Westminster sources predicted yesterday that any possible charges in the corruption investigation will come in June – widely expected to be the Prime Minister’s last full month in office.
Previously, Number 10 officials were counting on any potential prosecutions beginning long after Mr Blair had walked away from Downing Street.
Signs of the quickening pace of the Scotland Yard inquiry has led to panic, among Downing Street aides, that the Prime Minister’s exit will be overshadowed by the sleaze scandal.
Speculation that some of Mr Blair’s closest advisers could soon face criminal charges intensified after Scotland Yard sent a 216-page file on the case to the Crown Prosecution Service last Friday. Opposition MPs urged prosecutors to bring the 13-month investigation to a rapid conclusion.
David Davis, Shadow Home Secretary
Shadow Home Secretary David Davis said: “They should get on with this. It should not take very long to bring it to a conclusion; what I do not want to see is a politically-driven timetable for those decisions.”
Mr Blair himself was understood to be “relaxed” about the outcome of the case.

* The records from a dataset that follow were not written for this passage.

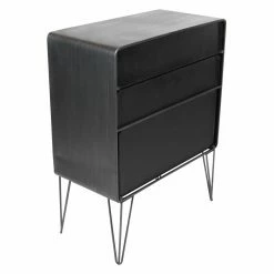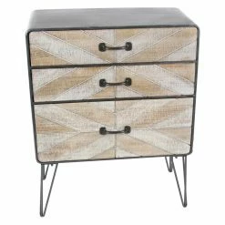 Store and display your items in style with the DecMode Chevron Wood Decorative Chest. Perfect for bedrooms and living rooms, this decorative chest features three drawers and a large flat top for ample storage space. The body is crafted from engineered wood, and rests on four sturdy hairpin style legs. A dark gray finish on the legs and exterior highlights the brown chevron pattern of the drawers for a modern feel.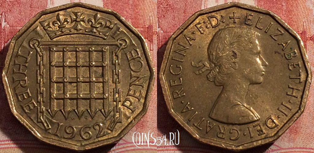 Великобритания 3 пенса 1962 года, KM# 900, 211-023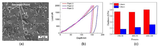 The hardness of different processes: (a) the schematic diagram of measured point; (b) the load curve of selected point in (a), (c) the average hardness of different processes.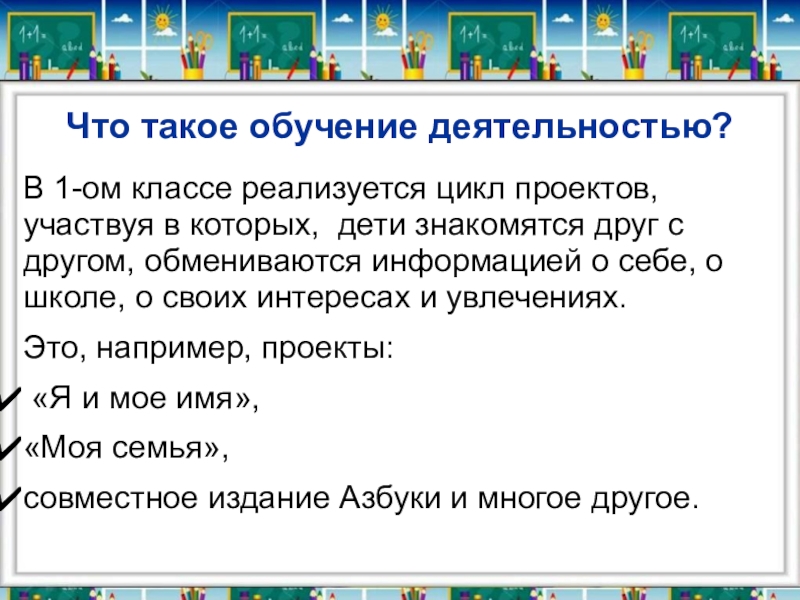 Что такое обучение деятельностью?В 1-ом классе реализуется цикл проектов, участвуя в которых, дети знакомятся друг с другом,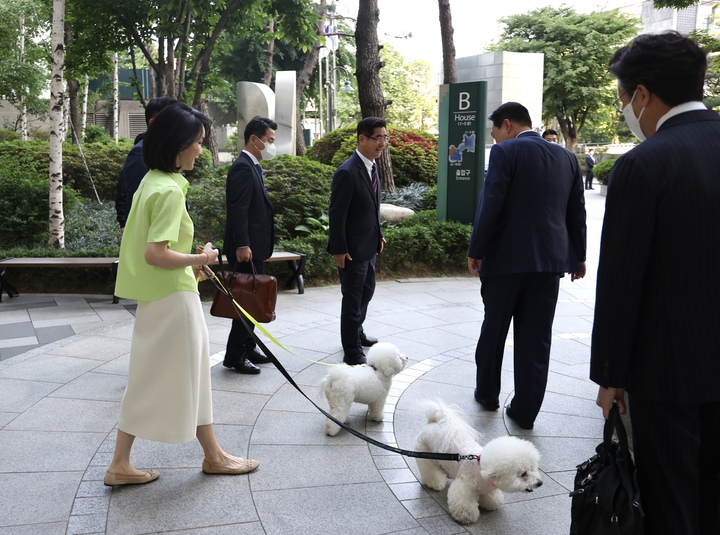 출근하는 윤석열 대통령과 배웅하는 김건희 여사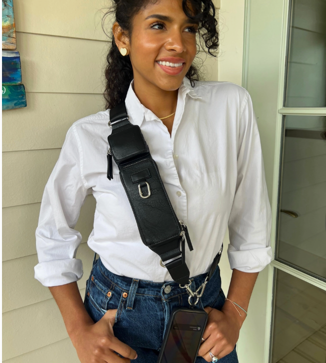 This attractive, extremely comfortable, crossbody strap offers more than meets the eye! The multifunctional design allows your phone to hang at your side hands free, while providing a secure and convenient place to carry your everyday essentials. Features Beautiful and extremely comfortable, adjustable crossbody shoulder strap. Upper small zippered front pocket, perfect for change, ear pods, or other items. Large zippered front pocket, with three credit card slots, one license window slot, and a roomy interior pocket with gathered elastic top for ease of use. Easily store your keys and other small essentials. Compatible with almost every phone case, so you can enjoy convenience without compromising your favorite look. ✅ Android ✅ iOS ✅ Nearly All Smartphones & Cases Dimensions Adjustable Shoulder Strap: 40" to 61" long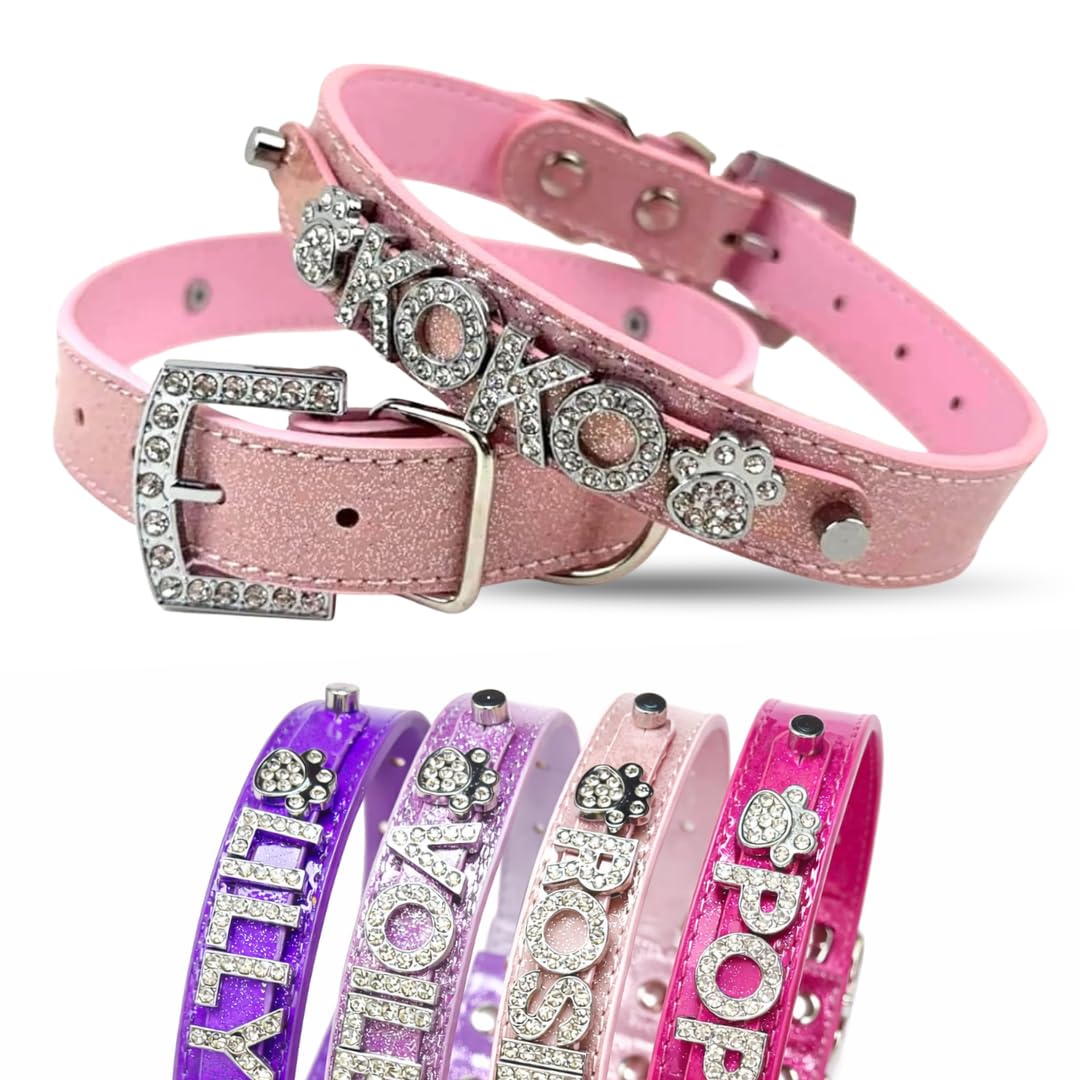 Rhinestone Dog Collar | Light Pink Sparkle | Personalized Dog Collar | Rose Gold Dog Collar | Size XL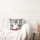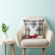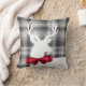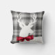 Mooie feestelijke Kerstmis themed werpt hoofdkussen die een wit hertensilhouet, een rode boog, en een grijs plaidontwerp kenmerken.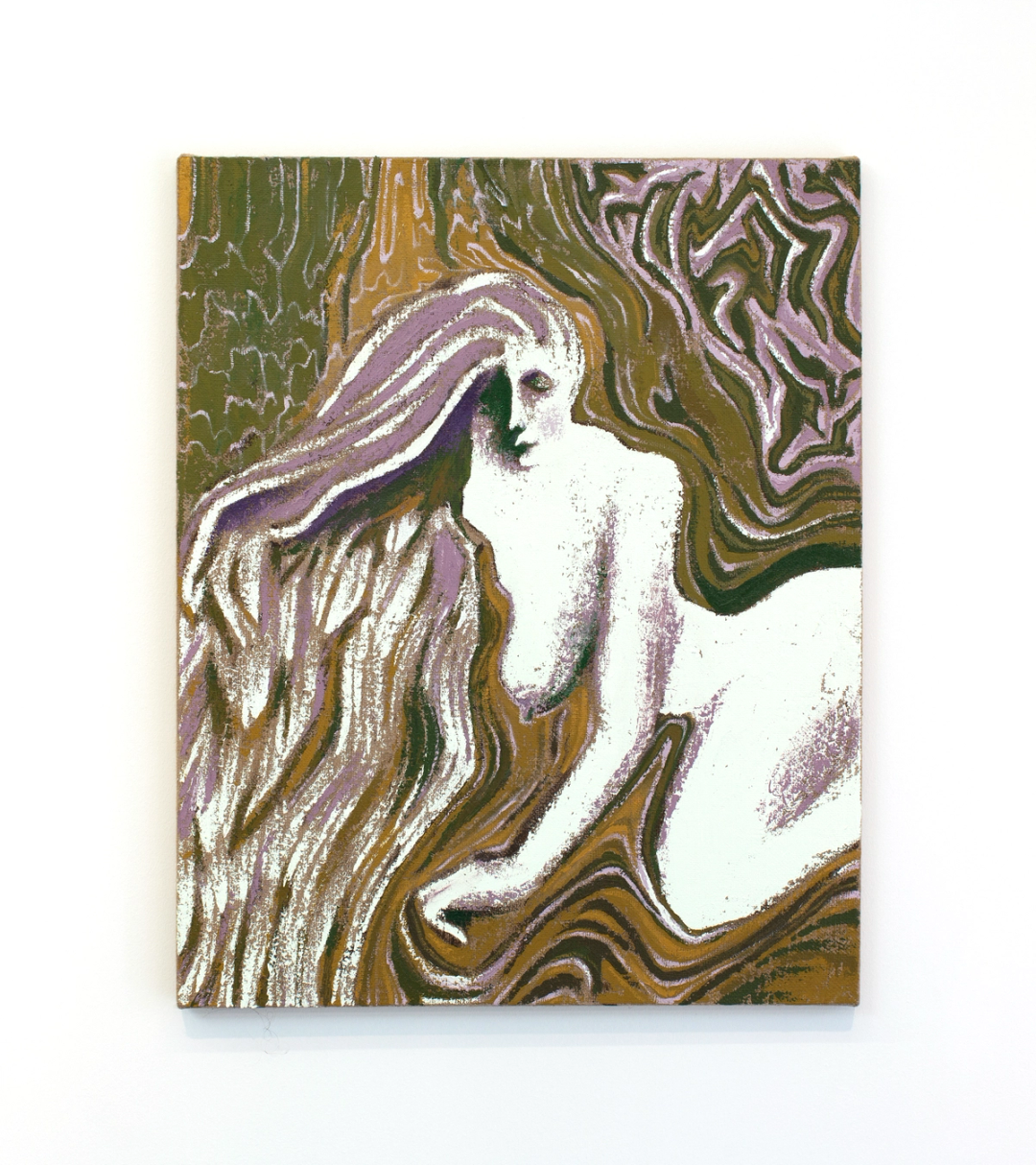 Passages explores states of metamorphosis in diaphanous paintings that chart experiences of energetic transitions and moments of coalescence. Addressing the psychological implications of personal growth, the work depicts uneasy protagonists navigating fluctuating states of consciousness. Prone to pareidolia, Kozak begins each painting with intuitive digital sketches, pushing and pulling color fields until forms emerge and building compositions through a process of excavation, remixing and digital collage. Referencing these studies as primary source material, the artist largely paints with a palette knife on linen and jute, using their natural textures to add depth and tactility while varying densities of glazing and impasto serve the psychological complexity of her figures.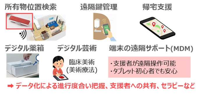 ● ICタグ、センサー、デジタル機器とタブレットの組み合わせによる、「大事なモノの場所をお知らせ」「外出先からの鍵開閉状態確認、鍵ロック」「自宅までの経路お知らせ」「服薬の予定、飲み忘れお知らせ」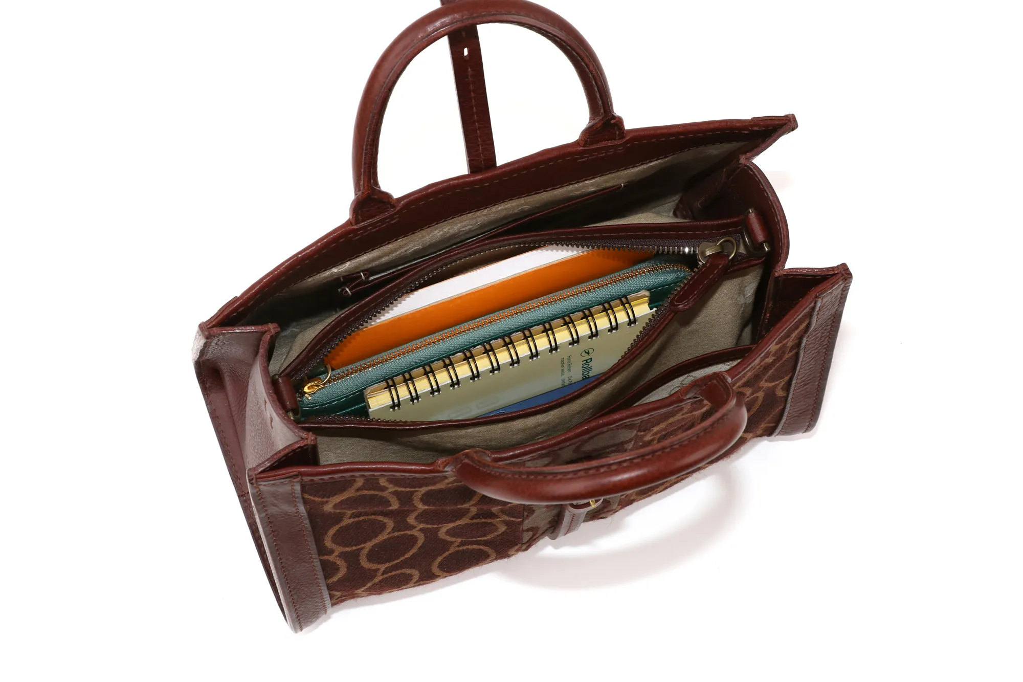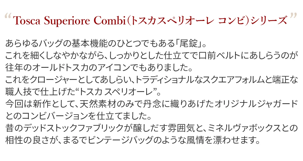 genten発足当初より続く、名シリーズである“トスカ”。 そのなかでも、初期に人気を博したモデルをスタイルや収納を現在の利便性にあわせた仕様に進化し復刻しました。 あらゆるバッグの基本機能のひとつでもある「尾錠(びじょう)」。 これを、細くしなやかながら、しっかりとした仕立てで口前ベルトにあしらうのが、往年のオールドトスカのアイコンでもありました。 これをクロージャーとしてあしらい、トラディショナルなスクエアフォルムと端正な職人技で仕上げた“トスカ スペリオーレ”。 きちんとしたスタイルはもとより、ラフなデニム、カジュアルにもマッチする汎用性の広さが魅力のシリーズです。 この復刻にあわせ、かつて天然素材のみで丹念に織りあげたオジリナルジャガードとのコンビバージョンを仕立てました。 昔のデッドストックファブリックが醸しだす雰囲気と、ミネルヴァボックスとの相性の良さが、まるでビンテージバッグのような風情を漂わせます。 どのジャガード生地も、現在は動かせる技術をもつ職人がほとんどいなくなってしまったような、古い織機で織られたもの。 昨今の薄いジャガード織りでは出せないボリューム感が魅力です。 限りある材を、余すことなく使いきる=アップサイクルを体現したものづくりでもあるので、昨今のサスティナブルな価値観にも合致するところもgentenならではのポイント。 最近の70年代リバイバルのファッショントレンドにもちょうど合わせやすいビンテージテイストを、gentenならではの手仕事、革細工でまとめた意欲作です。 gentenのロゴが散りばめられたオリジナルジャガードとミネルヴァボックスのコンビが魅力の2WAYショルダーバッグです。 端正な横長シルエットがクラシカルなムードをより一層高めてくれます。 A5対応で日常使いしやすいサイジング。ポケットを豊富に備え、デザイン性がありながら機能性も高いアイテムです。 開口部は3段階調節ができる革ベルト付きで、荷物の内容量に合わせて長さを変えられるのも嬉しいポイント。 内装の中央にマチ付きのファスナーポケットを備え、お財布などの定位置にもおすすめです。 ショルダーベルトの長さは14段階で調節できます。ナスカン金具を外せばトートバッグ単独のご使用も可能。 同素材の肩当てパッドを付属し、長時間の使用でも肩へのダメージを軽減してくれます。

Insiders suggest that the Prime Minister, twice questioned by police as a witness in the case, is completely cleared by the Yard report. And some critics suspect that he is increasingly resigned to leaving a political mess that his old rival Gordon Brown – the most likely successor – will be unable to clear up.
The Yard dossier is also understood to deal with the roles of Mr Blair’s chief fundraiser, Lord Levy, and Head of Government Relations, Ruth Turner, who have both been arrested, with bio-technology boss and Labour donor Sir Christopher Evans. All have denied any wrongdoing.
In another twist in the scandal, a Labour document dating from soon after the 1997 election victory, but leaked yesterday, showed that Mr Blair’s aides were desperate to encourage wealthy donors to continue bankrolling Labour.
The document said major donors “need to be invited to Number 10... If this cannot take place then income levels may be affected”.
Controversy intensified yesterday as the Attorney General, Lord Goldsmith, again refused to step aside from any decision about prosecutions.
Critics claim that his Cabinet post conflicts with his duty to oversee the Crown Prosecution Service. Lord Goldsmith said: “I can assure you and everyone else that, if I am consulted, any decision will be taken objectively, on the evidence, independently of Government. My first duty is to the law, not to party politics.”
He added: “I am responsible by statute for the superintendence of the CPS and accountable to Parliament for the decisions it takes, and I don’t think I can stand aside.”
But Scottish Nationalist Party MP Angus MacNeil, who made the original complaint to police about honours being touted for political donations, said: “It is simply untenable for him to have any role in this case, and he must step back from that now.”